Siswa bermain sebagai perilaku yang wajar. Karena memang usia mereka masih ada dalam fase bermain. Hingga SMP, dunia bermain masih sangat melekat.
Setiap ada bel istirahat, misalnya, sebagian siswa di sekolah tempat saya mengajar turun ke halaman, yang sekaligus lapangan, untuk bermain. Dan, saat bel tanda masuk sudah berbunyi, permainan masih berlangsung.
Permainan yang paling dominan adalah permainan bola. Ada yang sepak bola, ada yang futsal, ada juga yang bermain basket. Memang permainannya tak menurut aturan seharusnya bermain. Sebab, mereka bermain dalam satu lapangan.
Mereka harus berbagi area bermain. Siswa yang bermain futsal hanya bermain futsal. Siswa yang bermain basket hanya bermain basket.

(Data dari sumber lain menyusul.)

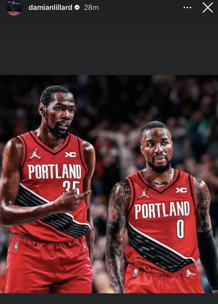 此前利拉德晒出杜兰特身穿开拓者35号球衣的P照,公开表达想要联手杜兰特的意愿。
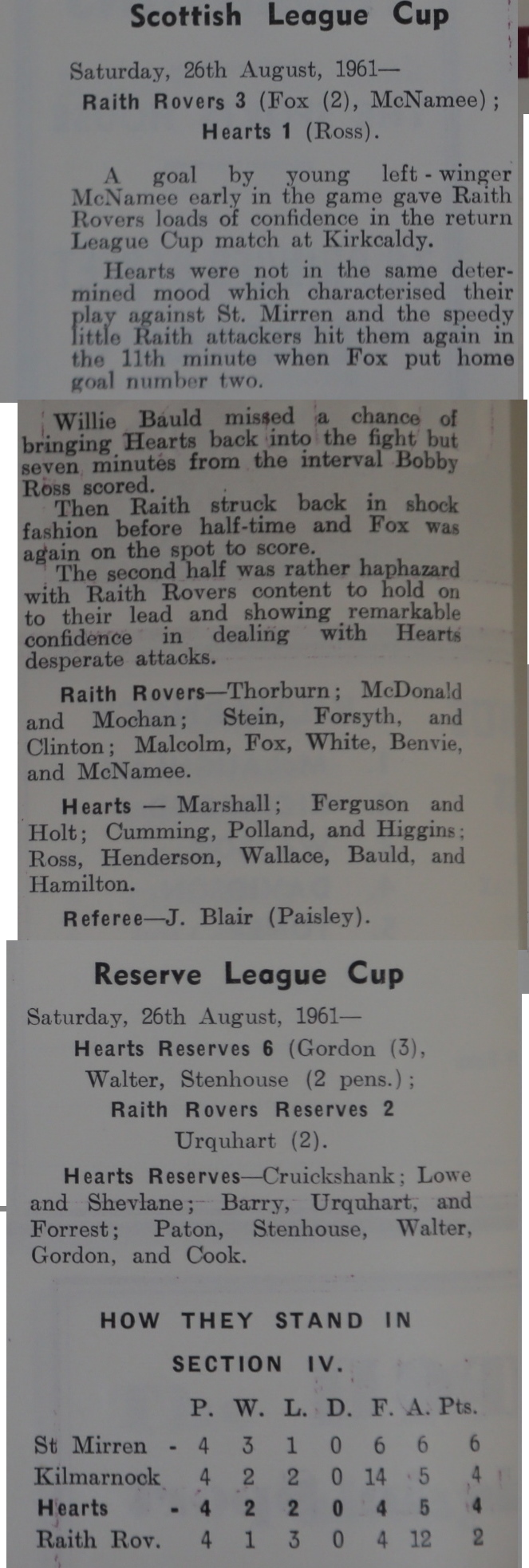 | Sat 26 Aug 1961 Raith Rovers 3 Hearts 1 | |||||||
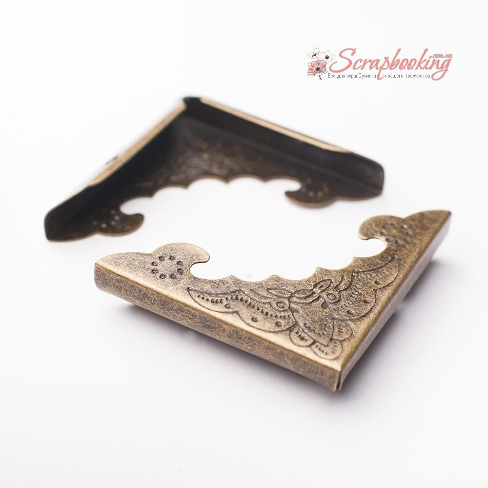 Металевий куточок бронзового кольору для альбомів, книг, блокнотів. Довжина куточка 40мм, товщина 7мм.
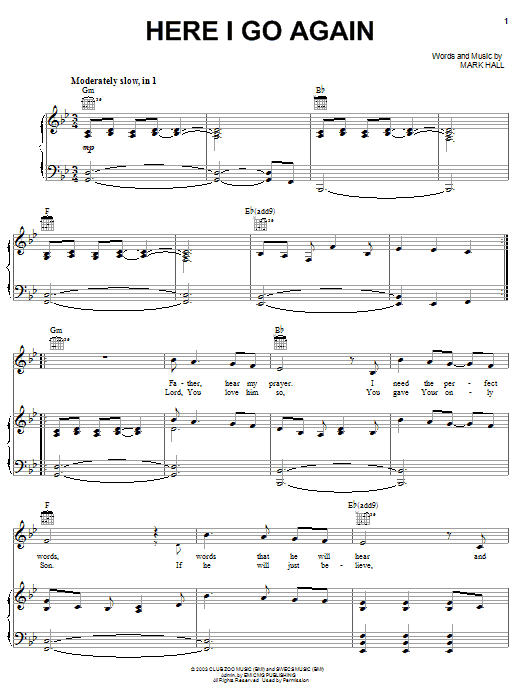 Download or print Casting Crowns Here I Go Again sheet music, chords and digital score arranged for Easy Piano. This Christian score includes 8 page(s).
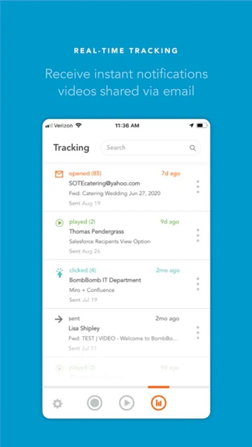 * Get email open, link click, and video play alerts within the app, as well as push notifications
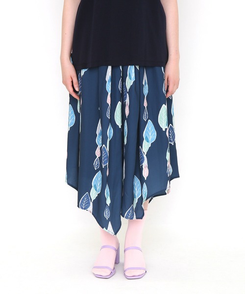 はらはらと落ちる木の葉をモチーフにしたパターンデザイン。素朴なモチーフを透明感のある色彩で表現した、かわいらしいデザインです。ふわっとした動きの出るヘムラインのAラインスカート。着回ししやすく色々なシーンで活用できます。後ろウエストはゴム仕様。サイドシームポケット付き。[ご使用に関する注意] ●この商品は染料の特性上、雨や汗などによる水濡れ、摩擦が加わる状況での使用により、色落ちや色移りする可能性がございますので、十分ご注意の上ご使用下さい。●洗濯の際は、他の衣類と分けて洗って下さい。また、洗濯後は時間を置かず、形を整え陰干しして下さい。[柄位置の個体差について]生地をランダムに裁断して生産する為、柄の位置に個体差があります。※商品画像と実物では多少色味に違いがある場合がございますので予めご了承下さい。※発売日や販売状況は店舗によって異なります。
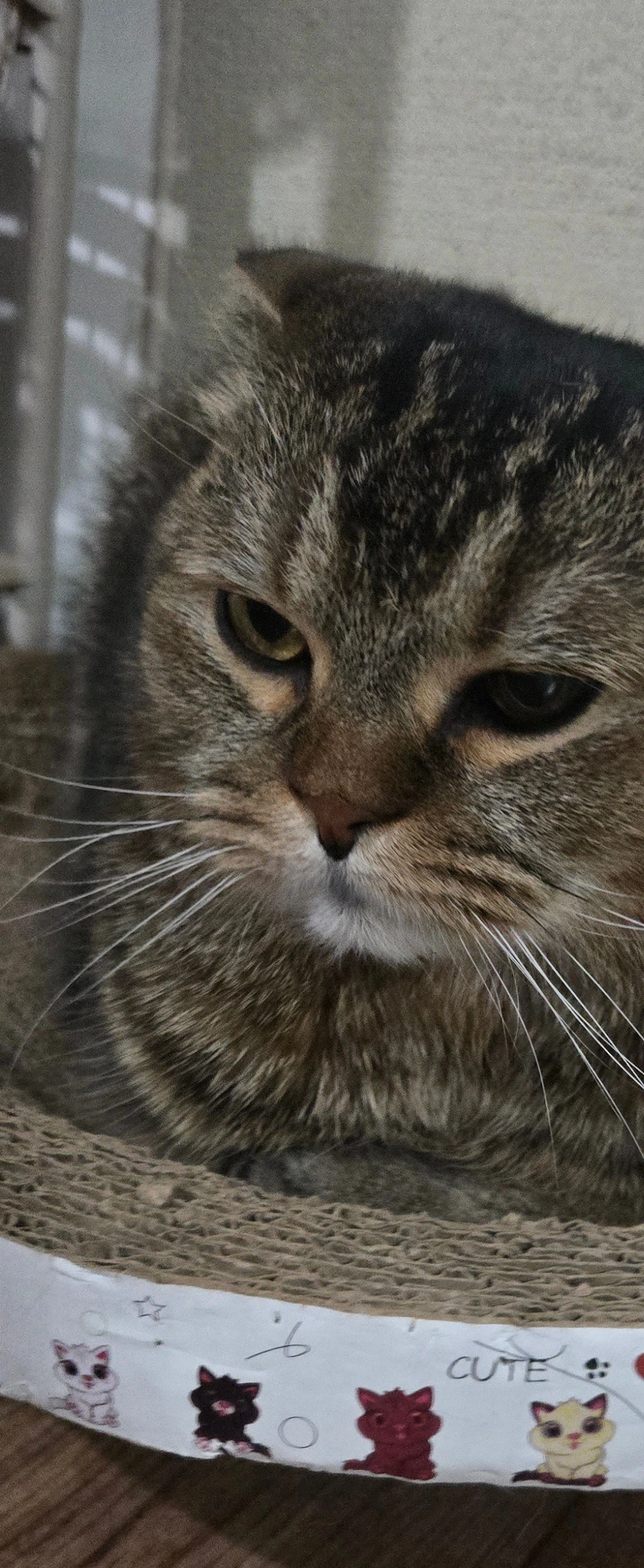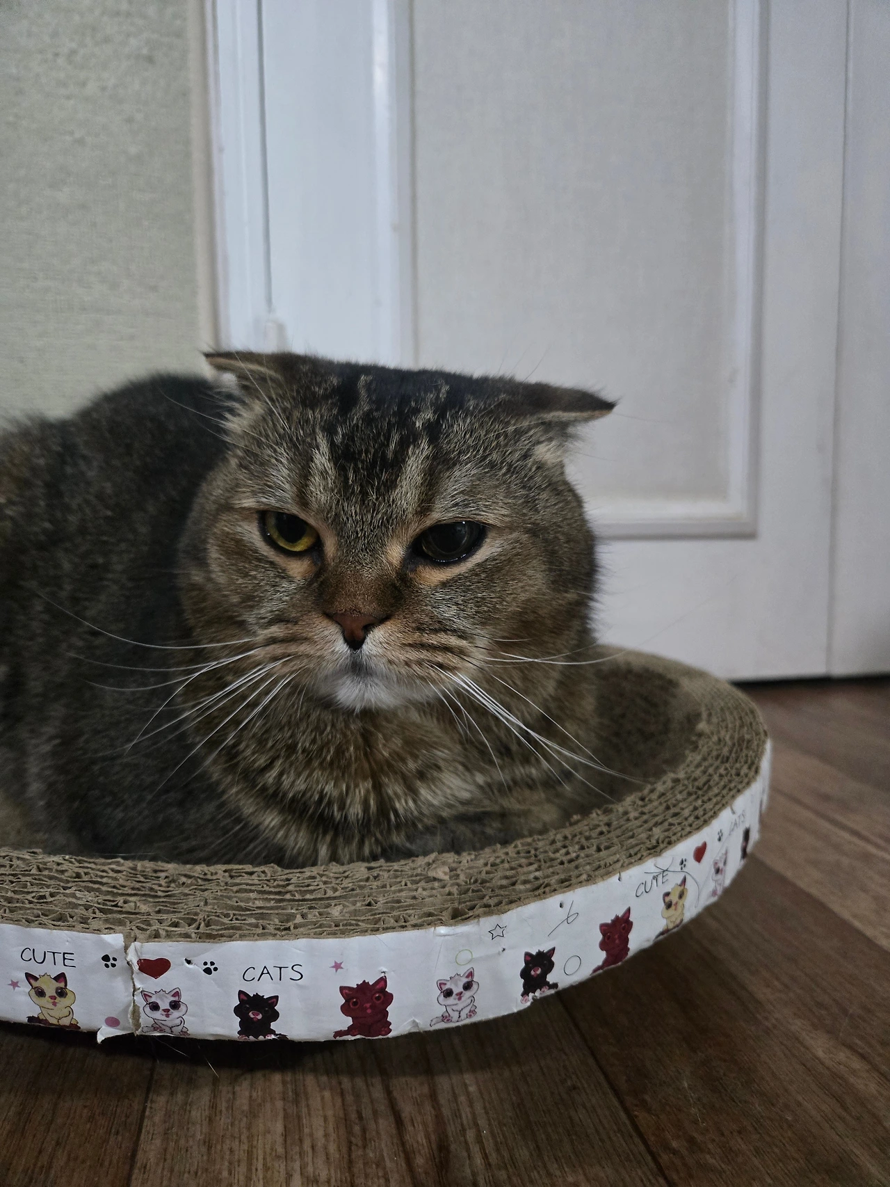 골판지 침대 위에 몸을 가지런히 접고 앉아
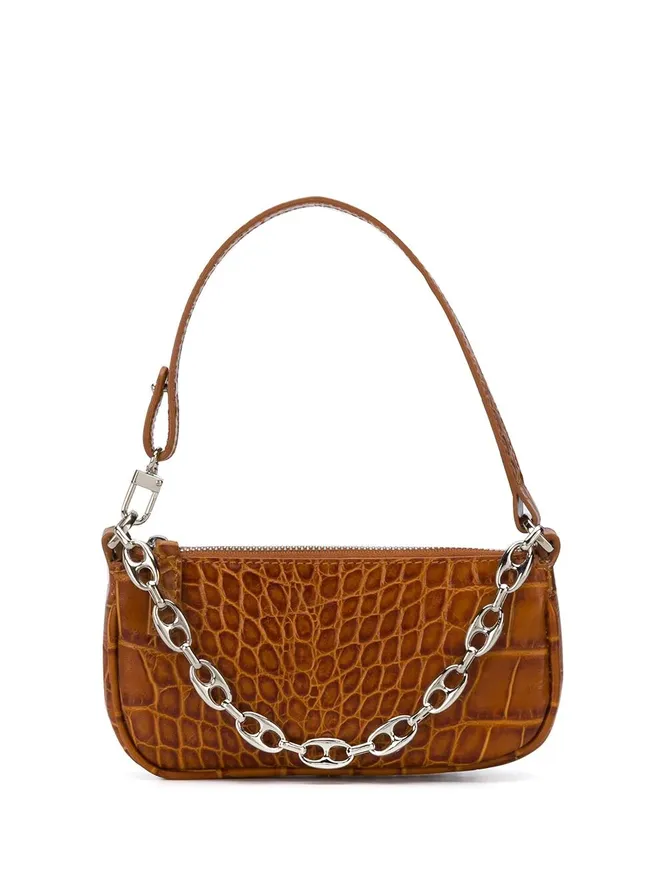 Модель в в стиле 90-х с эффектом крокодиловой кожи декорирована массивной цепью. Короткий ремешок позволяет носить ее как в руке, так и на плече, что, кстати, очень удобно. Нам она нравится за то, что способна даже в самый простой будничный образ добавить изюминку: попробуй примерить ее с джинсами и белой футболкой — разницу с ней и без нее ты ощутишь сразу.
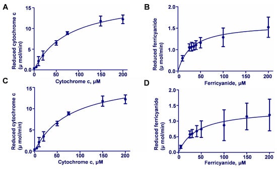 Enzyme activity assay of recombinant proteins of AvCPRs. (A) The kinetic parameters of AvCPR1 for cytochrome c. (B) The kinetic parameters of AvCPR1 for K3Fe(CN)6. (C) The kinetic parameters of AvCPR2 for cytochrome c. (D) The kinetic parameters of AvCPR2 for K3Fe(CN)6. Values are means ± SDs (n = 3).
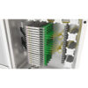 Built for scalability, the enclosure supports up to 18 SpliceGroup™ cassettes within a unified frame. Integrated cable management and a dedicated patching area ensure clean, reliable routing between cassettes and network interfaces.
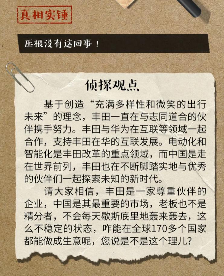 丰田中国表示,其为一家尊重伙伴的企业,中国是其最重要的市场,老板也不是 " 精分者 ",不会每天歇斯底里地 " 轰来轰去 ",否则便无法在全球 170 多个国家 " 都能做成生意 "。

Karena berada dalam satu lapangan, mereka bermain tampak semrawut. Antara mereka terjadi silang melintang. Tapi, mereka terlihat dapat menikmati permainan.
Sehingga, seperti sudah disebutkan di atas, mereka sering abai terhadap bel tanda masuk berbunyi. Ketika terlihat guru menuju ke ruang-ruang kelas, mereka baru berlarian masuk kelas. Padahal, badan mereka penuh keringat. Sebab, mereka bermain bola di bawah terik mentari.
Permainan seperti disebut di atas sangat mungkin dilakukan oleh siswa di sekolah lain. Tentu disesuaikan dengan luas sempitnya halaman sekolah. Semakin sempit halaman, jenis permainannya semakin terbatas.
Dan, biasanya siswa putra yang mendominasi dengan permainan sepak bola atau futsal. Karena mereka sudah sangat familier terhadap permainan jenis ini.
Hanya memang jumlah mereka tak banyak. Lebih banyak mereka, baik putra maupun putri, yang duduk-duduk dan ngobrol sembari menikmati jajan dan minuman. Mereka ini yang cerdas memanfaatkan waktu istirahat untuk melepas lelah.
Sekalipun kesannya seperti rehat di ruang kelas, ternyata ada juga siswa yang memanfaatkan ruang kelas untuk bermain. Padahal, ruang kelas bukan area untuk bermain sebab sudah penuh dengan kursi dan meja.